Cesare Magistrini (26 January 1895 – 26 October 1958) was an Italian World War I flying ace credited with six confirmed and four unconfirmed aerial victories. He would later serve in World War II and as the personal pilot of the Imam of Yemen.

==Biography==
===Early life===

Cesare Magistrini was born in Maggiora, Kingdom of Italy on 26 January 1895.

===Military service===

After Italy entered World War I, Magistrini began flying training in December 1915. He received his basic pilot's license in March 1916. Rated as a Caporal, he was initially assigned to 2a Squadriglia for a short spell. On 28 August 1916, he was posted to a fighter squadron, 78a Squadriglia.
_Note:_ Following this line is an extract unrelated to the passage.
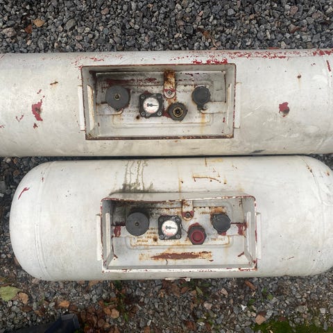 Laka kattila. Vedet olleet sisällä siihen asti että tuotu ulos pannuhuoneesta äskettäin. Päävesiyhteet katkaistu, uudet yhteet pitää hitsata paikoilleen jos meinaa käyttöön.

On 1 March 1917, he was promoted to Sergente. By now, he was engaging in serious dogfights, during one of which he was seriously wounded but continued fighting. On 10 May 1917, he was awarded a Silver Medal for Military Valor for his tenacity in this engagement. Nevertheless, the wound did not prevent him from scoring his first aerial victory on 17 June, when he forced an enemy Albatros to land. On 18 July, Magistrini backed Guido Nardini on the latter's victory, but Magistrini's own victory claim for participation was denied. He would stake one more unconfirmed claim before transferring to 91a Squadriglia on 1 November. On 23 November, Magistrini shared a victory with Bartolomeo Costantini. One week later, in concert with Ferruccio Ranza and Gastone Novelli, he shot down a German two-seater, killing both members of its air crew. On 7 December 1917, Magistrini and Ranza shared in the kill of an Austro-Hungarian Hansa-Brandenburg C.I. Magistrini's Silver Medal award for this action noted he had engaged in 20 aerial combats

He was slightly wounded in the right knee on 18 February 1918. On 16 March he took leave. After his return from leave, he claimed four victories between 11 May and 23 August 1918; two were confirmed. He was awarded a Bronze Medal for Military Valor, as well as a Serbian decoration

===Between the wars===

Cesare Magistrini joined the Fascist Party in October 1922. He also returned to military flying with the Regia Aeronautica.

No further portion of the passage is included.